The new architecture has worked, but there are still areas we want to improve, such as automation and ETL tooling that will make it easier to load new datasets and create new insights.
Transition: This new architecture enables two distinct environments for creating new data insights
Product calculations are built as producer-style mapreduce jobs – reading and writing to the same HBase row. For example, a trend in energy usage for the current bill period will be derived from the usage data present in the row and used to forecast the customers energy consumption and spending for the current period.
Insights are accessed by a service query layer. An template HBase service container can be easily extended to create service API’s for different insight products. Service client applications are used by reporting pipelines and embedded web components.
Offline analysis and experimentation occurs in the data warehouse. Hive, BI tools (platfora, datameer), and raw mapreduce jobs are used to create aggregate reports, and non-product analytics such as customer program eligibility.
These tools are also used for ad-hoc analysis of full energy usage datasets, such as electric car charging trends or the impact of the super bowl on energy consumption.
In the future we look to link the two systems, enabling analytics developed offline to be ‘promoted’ to product calculations.
Transition: What’s been the result of a switch to hadoop architecture?
Batch analytics calculated via the producer pattern are much more amenable to the MR parallelization and take advantage of HBase row locality. Run time reduced significantly. Some jobs could be multi-tenant, which are easier to operate.

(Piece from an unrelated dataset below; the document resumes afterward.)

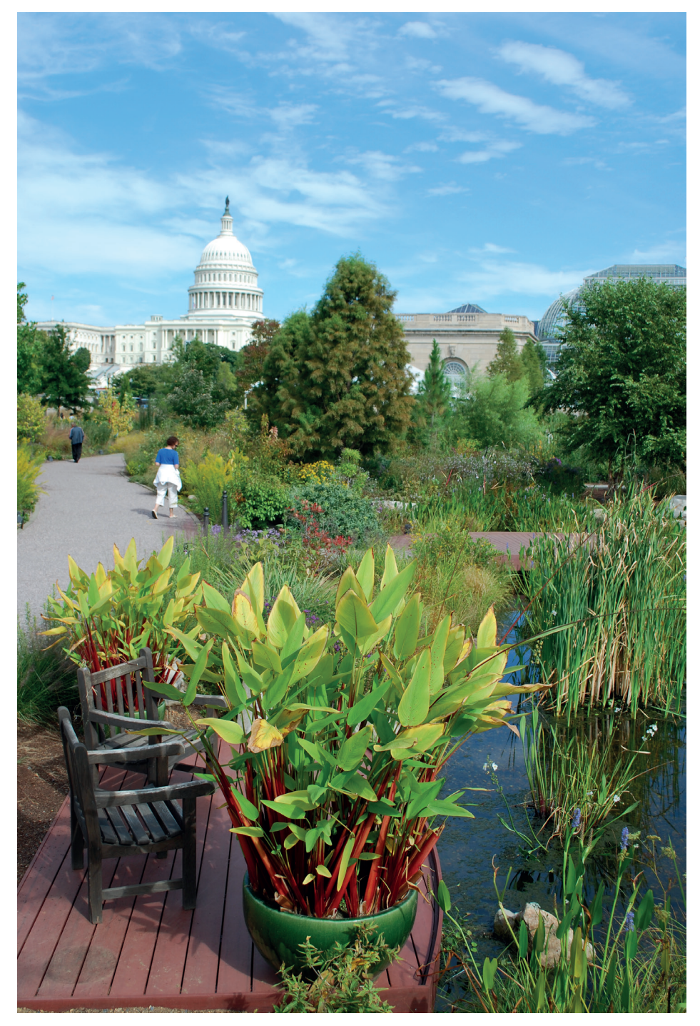
Fig. 6 The outdoor National Garden with the US Capitol in the background. This section of the National Garden focuses on plants native to the Mid-Atlantic US.

Individual insight query latency dropped from several seconds to ~10ms. Our performance tests measure at the 99.999% point on the latency tail, so average time is even faster. Query latency has been critical for SOA-model SLA’s, since multiple external services will access this data in real time.
Analytic development time is faster, although it could still be improved. Development speedups came from adding a data warehouse cluster for development and experimentation, which used more analyst friendly tools like hive and scalding. Also, the entity-based schema used in production is more amenable to adding new data.
Transition: We’ve had some success but encountered challenges along the way. Here are some lessons we learned:
There are numerous experts in the HBase community, and chances are someone has tried to do what you have
Cloudera support critical in helping with hadoop challenges:
Cloudera Support
Issue resolution and escalation. Ex:Jobtracker memory issues and configuration. Escalate to the larger hadoop community
Backport critical patches. HBase sequence ID and cell overwrite bugs
Tuning and configuration guidance. HBase, sqoop
Apache HBase community
Community technical guidance: message boards, meetups, Hbasecon
New feature development: hbase community always open to new ideas for improvements
Roadmap planning: What relevent features will be released in the next versions of the software,. Ex, how would stripe-compaction or new block cache implementations impact your architecture?
Refs:
HBase-8521 (cell overwrites)
HBase-6590 (hfile sequence id’s)base
HBase-10958 (blindspot)
Transition: Other lessons learned
With any moderately sized hadoop cluster you will need infrastructure to collect logs, monitor processes, and analyze metrics. We have effectively used cloudera manager for this purpose. CM will alerting on service process status changes, report performance metrics like read-latency, clock-skew. Post-issue forensics via log file analysis. Custom charting enables you to create dashboards to analyze your specific bottlenecks or recurring issues.
Upgrade often. Hadoop components are routinely patched, so be sure to upgrade and use cloudera and the community to understand issues with your current releases. Always test your upgrades.
Backup data for safety. We use HBase snapshot exports, then distcp to a backup cluster. Cloudera manager has a useful UI for managing distcp’s.